ECLI:NL:RBDHA:2021:12729

Rechtbank Den Haag

Datum uitspraak
1 november 2021
Publicatiedatum
18 november 2021
Zaaknummer
C/09/616744 / JE RK 21-2009 en C/09/619949 / JE RK 21-2579
Instantie
Rechtbank Den Haag
Type
Uitspraak
Procedures
  • Eerste aanleg - enkelvoudig
Vindplaatsen
  • Rechtspraak.nl
AI samenvatting door LexboostAutomatisch gegenereerd

Onderzoek naar ondertoezichtstelling en machtiging tot uithuisplaatsing van een minderjarige met complexe zorgbehoeften

In deze zaak heeft de kinderrechter op 1 november 2021 uitspraak gedaan over de ondertoezichtstelling en machtiging tot uithuisplaatsing van een minderjarige, geboren in 2008. De kinderrechter heeft vastgesteld dat de minderjarige, hierna te noemen [minderjarige], ernstig in haar ontwikkeling wordt bedreigd door de onrust in haar leven, voortkomend uit de moeizame verhouding tussen haar ouders. De ouders zijn gezamenlijk belast met het ouderlijk gezag, maar de communicatie tussen hen is slecht, wat leidt tot een belastende situatie voor [minderjarige]. De Raad voor de Kinderbescherming heeft een verzoek ingediend voor ondertoezichtstelling en uithuisplaatsing, omdat [minderjarige] specialistische zorg en begeleiding nodig heeft die de ouders niet kunnen bieden. Er zijn ernstige zorgen over haar kwetsbare ontwikkeling, mede door een verleden van huiselijk geweld en een autismespectrumstoornis.

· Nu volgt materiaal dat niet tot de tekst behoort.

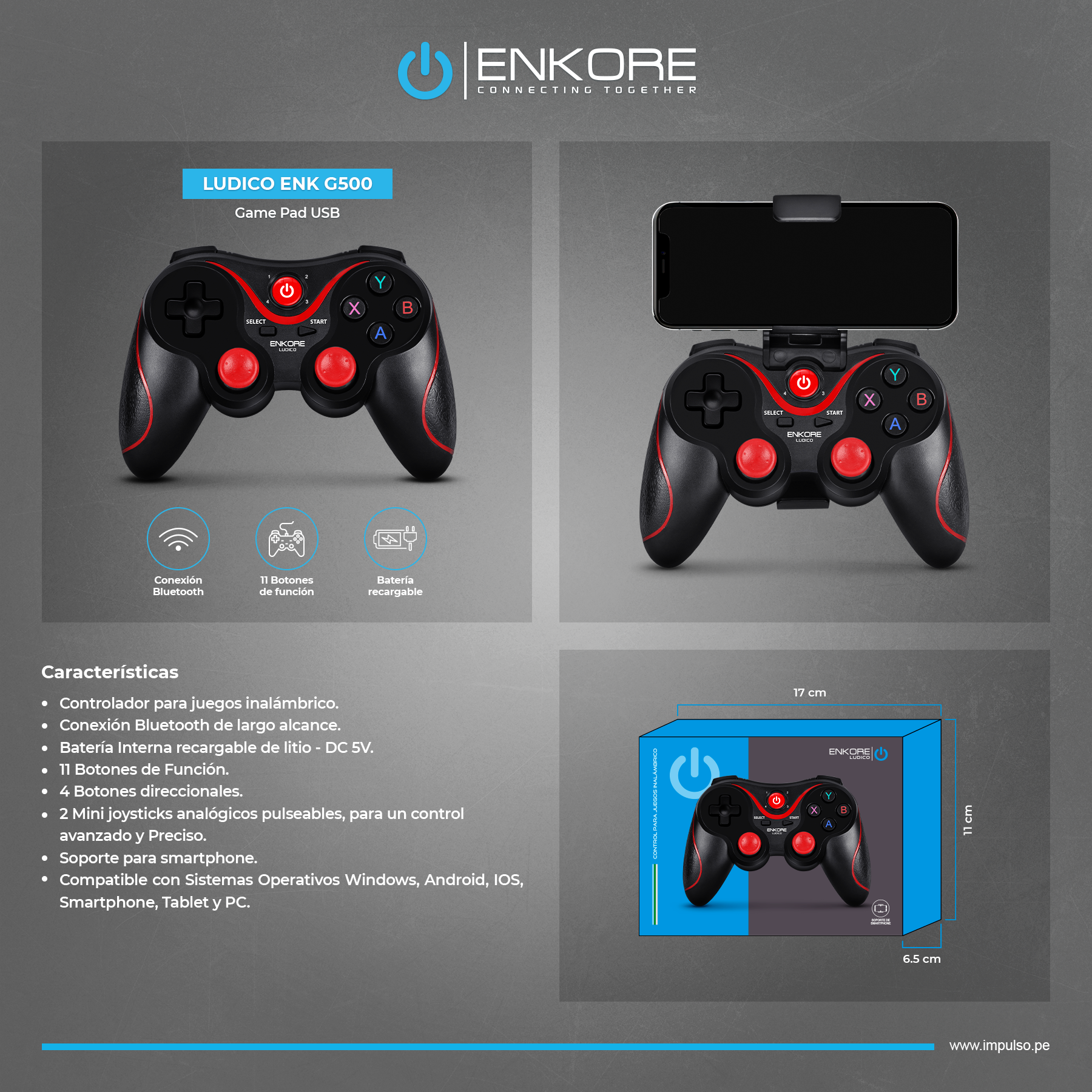 Marca: Enkore Enkore / Gamepad / Gamepad Inalámbrico BT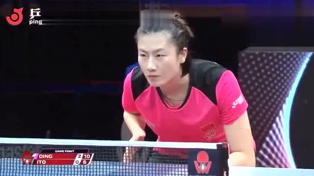 第三局成为转折点。丁宁开局连续失误让伊藤5-2领先,但此后日本小将突然失去对比赛的掌控能力。丁宁连续得分将比分超出,依靠对手正手磕挡失误以9-7领先,并以相同方式拿到局点,伊藤正手回球下网,丁宁11-8将大比分反超为2-1-3。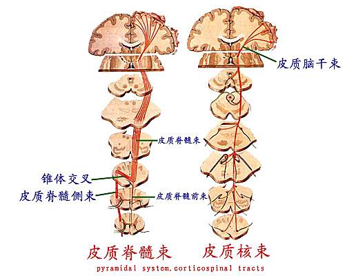 胞体位于中央前回,其纤维组成皮质脊髓束,经内囊后脚下行至延髓形成锥体,大部分纤维交叉后形成皮质脊髓侧束,少部分未交叉纤维形成皮质脊髓前束。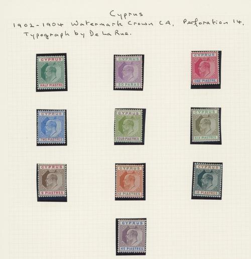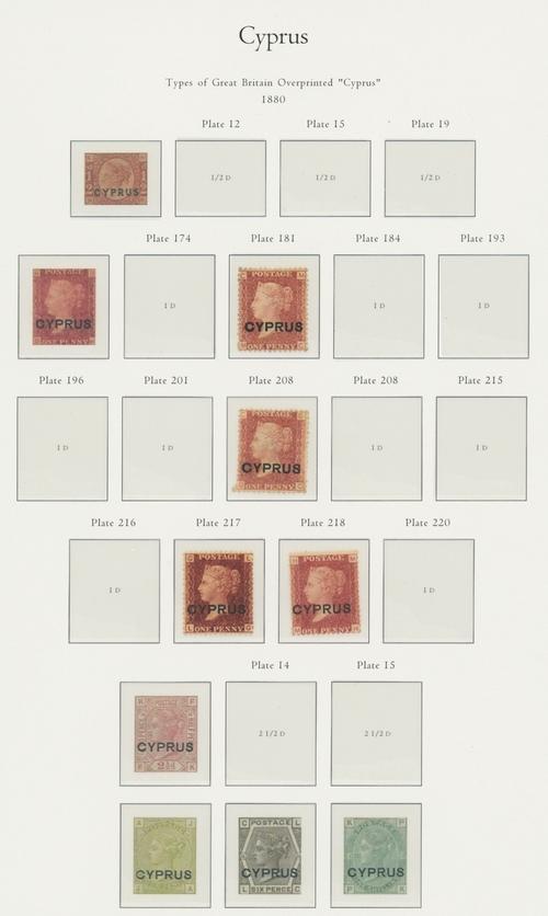 Cyprus. 1880-1935 mint collection on album leaves, including 1880 "cyprus" overprinted plates 181, 208, 217, 218; 1881 plates 174, 181, 205, 201; 1881 ½pi. with Richter cert (1995), 1892-94 values to 12pi., 1904-10 values to 45pi., 1912-15 set, 1912-23 set to 10/-, 1928 set, 1934 set. Condition in t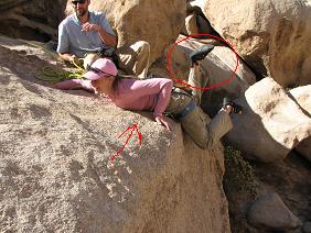 The inventor of the "Dolphin Move" getting ready to use it --- showing us how to perfect the move to roll over the crux. Nice posture, good hand holds, foot smear, and an on-site giggle.
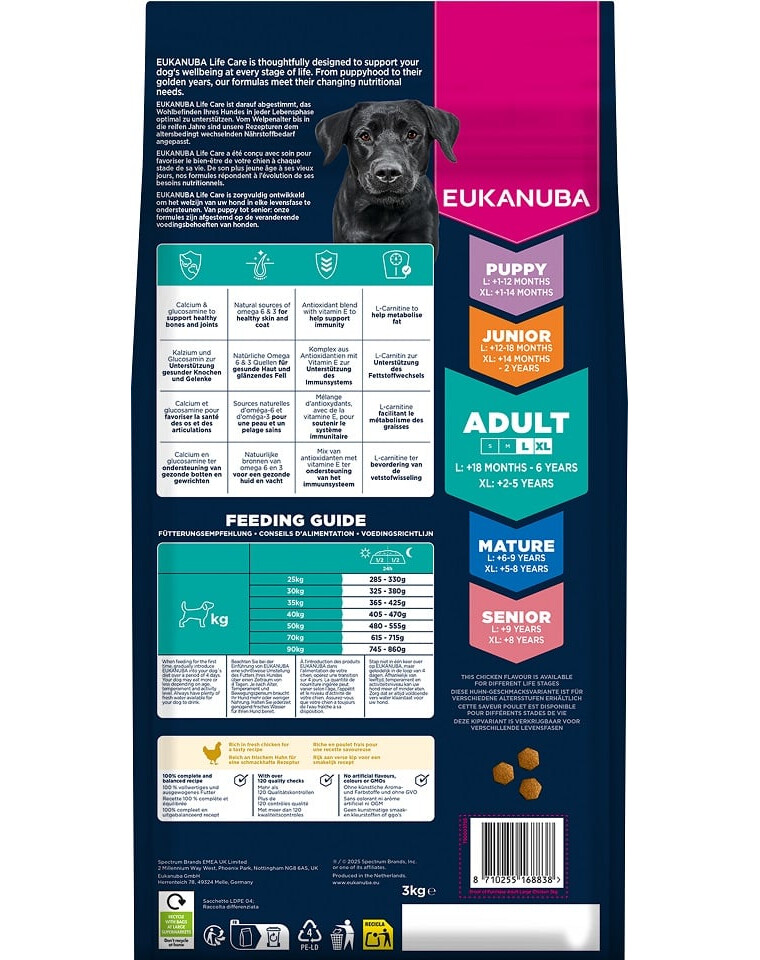 EUKANUBA Life Care est une gamme de nourritures premium développée sur la base de recherches scientifiques pour répondre précisément aux besoins des chiens à chaque étape de leur vie. Cette formule a été spécialement conçue pour les chiens adultes de grandes races âgés de 18 mois à 6 ans (et pour les races géantes de 2 à 5 ans), qui nécessitent un régime soutenant des muscles forts, des articulations saines et le maintien d'un poids optimal.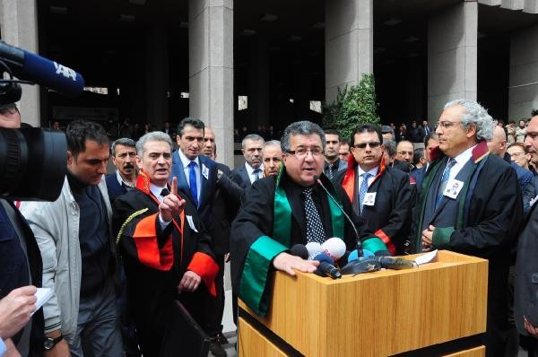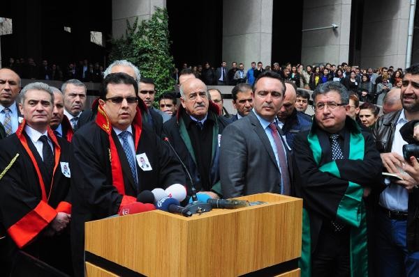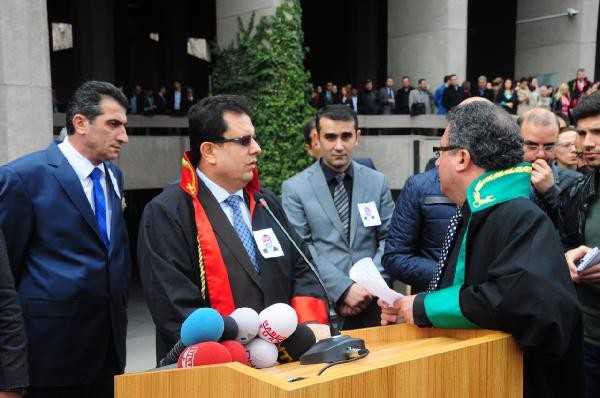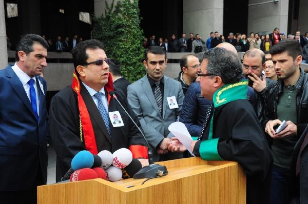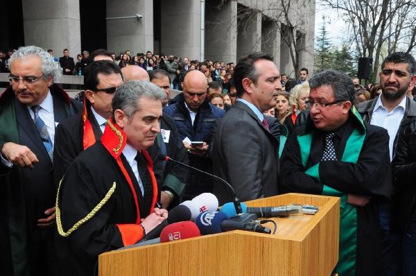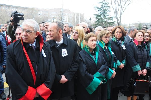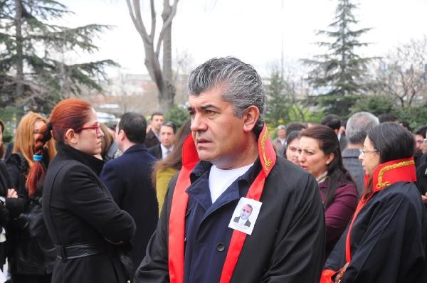 İSTANBUL Cumhuriyet Savcısı Mehmet Selim Kiraz'ın Çağlayan'daki İstanbul Adalet Sarayı'nın 6'ncı katındaki odasında şehit edilmesi nedeniyle Ankara Adliyesi önünde anma töreni düzenlendi. Hakim, savcı ve avukatların katıldığı törende konuşturulmak istenmediğini iddia eden Yargıçlar Sendikası Başkanı Mustafa Karadağ kürsüye çıktı. Bu sırada görevliler kürsü mikrofonunu kapattı. Bunun üzerine kısa süreli gerginlik yaşandı.
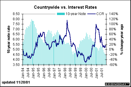 Notice in the chart below, which depicts the year-over-year change in the stock price of Countrywide Credit relative to interest rate levels, that

De kinderrechter heeft de situatie van [minderjarige] beoordeeld en geconcludeerd dat er geen acceptabel alternatief is voor een tijdelijke (crisis)plek, ondanks dat dit niet ideaal is. De kinderrechter heeft de ouders gehoord, waarbij de vader verweer heeft gevoerd tegen de uithuisplaatsing, terwijl de moeder zich niet verzet maar ook twijfels heeft over de crisisplek. De kinderrechter heeft uiteindelijk besloten om [minderjarige] onder toezicht te stellen van Stichting Jeugdbescherming west Zuid-Holland en haar uit huis te plaatsen in een accommodatie van een jeugdhulpaanbieder voor de duur van zes maanden, met de mogelijkheid tot verlenging. De kinderrechter benadrukt dat het belangrijk is dat [minderjarige] zo snel mogelijk naar een gezinshuis kan worden geplaatst, waar zij de nodige stabiliteit en zorg kan ontvangen.

Uitspraak

Rechtbank DEN HAAG

Team Jeugd- en Zorgrecht
Zaaksgegevens: C/09/616744 / JE RK 21-2009 en C/09/619949 / JE RK 21-2579
Datum uitspraak: 1 november 2021

Beschikking van de kinderrechter

Ondertoezichtstelling en machtiging tot uithuisplaatsing

in de zaak naar aanleiding van het op 19 augustus 2021 ingekomen en nadien op
28 oktober 2021 ingekomen gewijzigde verzoekschrift van:

de Raad voor de Kinderbescherming, Regio Haaglanden, hierna te noemen: de Raad,

betreffende:

[minderjarige] hierna te noemen: [minderjarige] ,geboren op [geboortedag] 2008 te [geboorteplaats] .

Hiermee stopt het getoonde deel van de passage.